Fatima Haddad walked out of the Colorado State Bank with a payment book for a low-interest $12,500 loan. She also had given Mark Jensen her phone number. The two of them celebrated the new business venture that night at the exclusive Colorado Springs Country Club.
In less than six months, Fatima Haddad, a Maronite Christian, married Mark Jensen, who smothered thirteen-year-old Rafi in the strictures of a fundamentalist Baptist household. Jensen argued with Fatima about her son’s name. “It won’t do in a truly Christian household,” he’d told her. “I want it changed to something like, ah, Ralph or Ronald. I don’t like that dirty Arab name. The boy has to get baptized a Christian. Rafi is not a Christian name.”
The boy’s name was changed to Raphael Francis Jensen, but Fatima burned the baptismal papers on a weekend her new husband had gone to Denver. She continued to call her son Rafi when they were alone together.
Jensen enrolled his stepson in a private Christian school, where most of the all-white students and faculty ridiculed him for his dark complexion, bushy eyebrows and aquiline nose. To his face and behind his back they called him “the dirty Arab Ralph.” His stepfather forced him to go to church twice a week, on Wednesday nights and again for a lengthy service on Sunday mornings. He was allowed to wear blue jeans, sneakers and a T-shirt only at home. He had to wear pleated trousers, a white shirt and tie, whether it was going to the grocery store with his mother, to school or to church. His oxfords had to be shined twice a week, on Saturday nights and on Tuesday nights. He was allowed to watch television for an hour each night of the week Monday through Friday, except for Wednesdays, after his homework was completed. The living-room television was kept off on Sundays and Saturday nights.

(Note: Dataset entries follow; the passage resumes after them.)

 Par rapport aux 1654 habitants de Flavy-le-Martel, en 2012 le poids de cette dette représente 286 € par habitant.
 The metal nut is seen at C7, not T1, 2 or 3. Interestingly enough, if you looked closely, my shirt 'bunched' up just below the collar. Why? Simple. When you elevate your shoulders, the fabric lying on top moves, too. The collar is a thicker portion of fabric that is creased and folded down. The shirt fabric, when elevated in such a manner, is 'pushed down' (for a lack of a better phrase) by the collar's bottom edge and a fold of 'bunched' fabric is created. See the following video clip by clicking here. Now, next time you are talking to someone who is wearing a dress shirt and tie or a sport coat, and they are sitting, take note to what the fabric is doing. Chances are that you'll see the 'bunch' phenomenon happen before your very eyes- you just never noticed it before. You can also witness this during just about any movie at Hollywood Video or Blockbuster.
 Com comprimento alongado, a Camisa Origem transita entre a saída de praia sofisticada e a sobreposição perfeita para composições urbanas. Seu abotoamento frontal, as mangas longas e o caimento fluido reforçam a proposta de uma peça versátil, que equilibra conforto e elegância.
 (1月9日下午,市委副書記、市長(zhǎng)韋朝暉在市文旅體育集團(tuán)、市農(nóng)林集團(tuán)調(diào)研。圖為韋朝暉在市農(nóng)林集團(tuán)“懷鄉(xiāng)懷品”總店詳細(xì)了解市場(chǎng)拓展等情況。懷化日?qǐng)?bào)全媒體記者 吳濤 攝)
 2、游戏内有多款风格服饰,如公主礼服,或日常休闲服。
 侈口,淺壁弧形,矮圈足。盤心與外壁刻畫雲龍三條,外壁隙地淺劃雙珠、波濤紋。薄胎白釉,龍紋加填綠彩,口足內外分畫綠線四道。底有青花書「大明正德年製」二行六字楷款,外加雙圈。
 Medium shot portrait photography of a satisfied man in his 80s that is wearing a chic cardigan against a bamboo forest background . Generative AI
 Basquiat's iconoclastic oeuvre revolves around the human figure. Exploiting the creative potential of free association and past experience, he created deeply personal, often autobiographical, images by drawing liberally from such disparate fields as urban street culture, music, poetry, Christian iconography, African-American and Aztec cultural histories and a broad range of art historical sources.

Raphael Francis walked away from the Jensen household on his 18th birthday, after Mark Jensen had been arrested on federal embezzlement charges and his mother detained for questioning. Jensen was accused of siphoning off nearly a million dollars from Colorado State Bank accounts
over a five-year period. The company’s vice president, Marilyn Hollander, also was arrested. Jensen and Hollander were detained at Denver’s airport, about an hour before they were to board a flight bound for Mexico City.

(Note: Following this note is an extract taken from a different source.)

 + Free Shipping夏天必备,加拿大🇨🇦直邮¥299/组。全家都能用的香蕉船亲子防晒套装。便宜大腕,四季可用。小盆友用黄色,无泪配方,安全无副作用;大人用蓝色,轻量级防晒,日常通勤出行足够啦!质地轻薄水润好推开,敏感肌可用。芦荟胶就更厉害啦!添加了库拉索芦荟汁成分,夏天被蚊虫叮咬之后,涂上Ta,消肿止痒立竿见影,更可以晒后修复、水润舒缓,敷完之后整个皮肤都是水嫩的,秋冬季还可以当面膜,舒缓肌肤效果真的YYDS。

Local police and FBI agents had ransacked the Jensen home, tearing up carpeting and floorboards, punching holes in wall plaster and ripping apart mattresses. They were looking for hidden stacks of cash. They found nothing. Jensen already had wired the money to banks in Mexico and Panama. But they found Fatima, her arms and feet bound to a four-poster bed. She had been beaten and sexually abused. Following her recovery she was handcuffed and taken to the FBI office in Denver and jailed. During several hours of questioning agents repeatedly asked about where her husband kept all the money he’d stolen. She said she knew nothing. But the questions continued about the money and the bank. Authorities also asked why she’d left Lebanon, why she’d come to Colorado, why she’d left Detroit. They asked about her sexual preferences. That’s when she spit in an agent’s face. The agent, a woman, slapped her, called her an “Arab bitch.” Fatima Haddad was left in a Denver city jail cell until her sister Dalia picked her up a day later.

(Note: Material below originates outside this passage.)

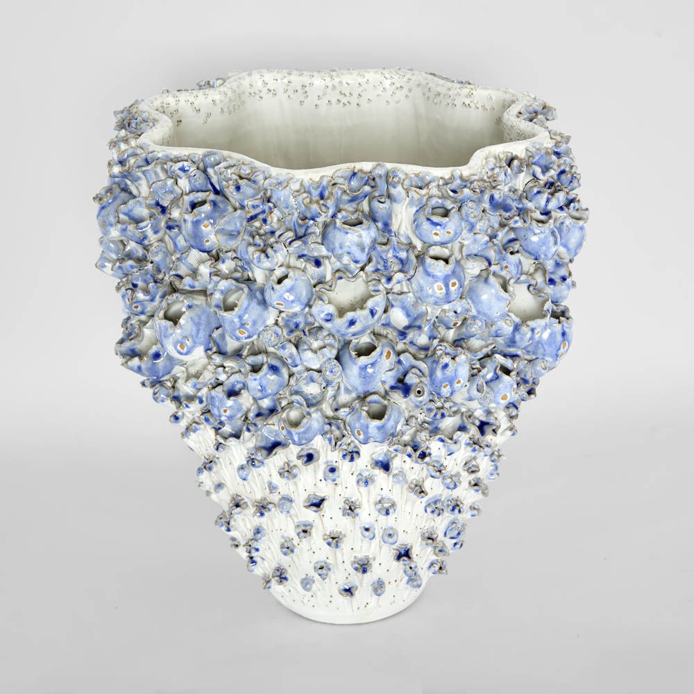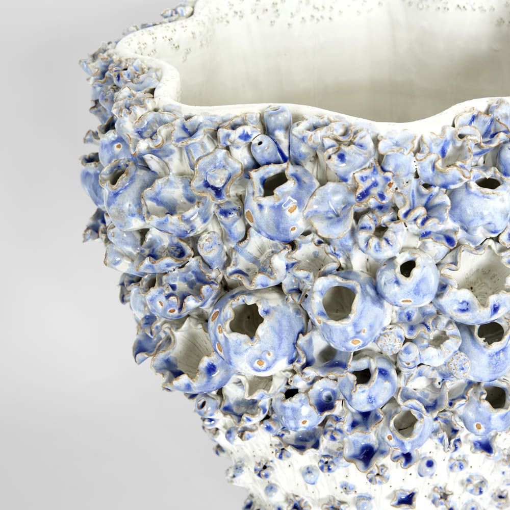 Handcrafted in Thailand and covered in barnacle textured details. Use as a showstopping centre piece or fill with trailing greenery and floral to make a dramatic arrangement. Finished in a modern blue to bring depth and texture. Wipe clean with a soft damp cloth. Indoor decorative use only. Not guaranteed 1% watertight. Due to the handmade nature of this design there may be slight imperfections or irregularities and each may differ from the photographed sample. watertight/waterproof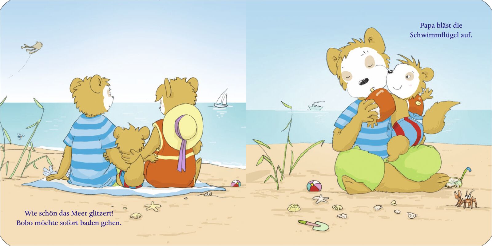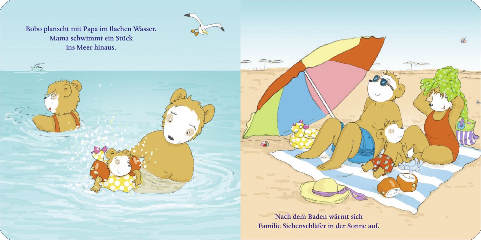 Mit Bobo in den Urlaub fahren! Familie Siebenschläfer ist in den Ferien am Meer! Erst fahren Bobo und seine Eltern mit einer kleinen Bahn am Strand entlang. Dann spielt Bobo im weichen Sand. Er badet mit Papa in den Wellen, findet Muscheln und besucht mit sei...

Rafi already had hitched a ride on Interstate 25 and headed north to downtown Denver, unaware his mother was lying semi-conscious in a hospital. When his mother didn’t show to pick him up on his last day of high school, he’d walked the three miles back to the Jensen house. Windows had been broken, doors torn off hinges and roofing tiles scattered around the front and back yards. He’d wanted to call Dalia but all the phone jacks in the house had been ripped from the walls or baseboards. He walked over piles of carpeting and splintered floorboards to his mother’s bedroom. She and Jensen for months had slept in separate rooms. His mother’s dresser was overturned, her jewelry and under-clothes scattered about and glass perfume bottles shattered. A heavy odor of Chanel No. 5 permeated the room. A bloodied mattress cover had been ripped to shreds.
In the hallway outside his mother’s room, Rafi pulled a chain to lower the attic’s ladder. Funny, he thought, that whoever wrecked the house had missed the five-inch chain hanging from
the ceiling’s trap door. Nothing in the attic had been disturbed. A metal lockbox containing a short stack of $50 and $100 bills was untouched. Rafi had stolen the money from his stepfather’s desk drawer. He shoved the wad of cash into his underpants, climbed down the attic ladder and walked out the house’s open front door.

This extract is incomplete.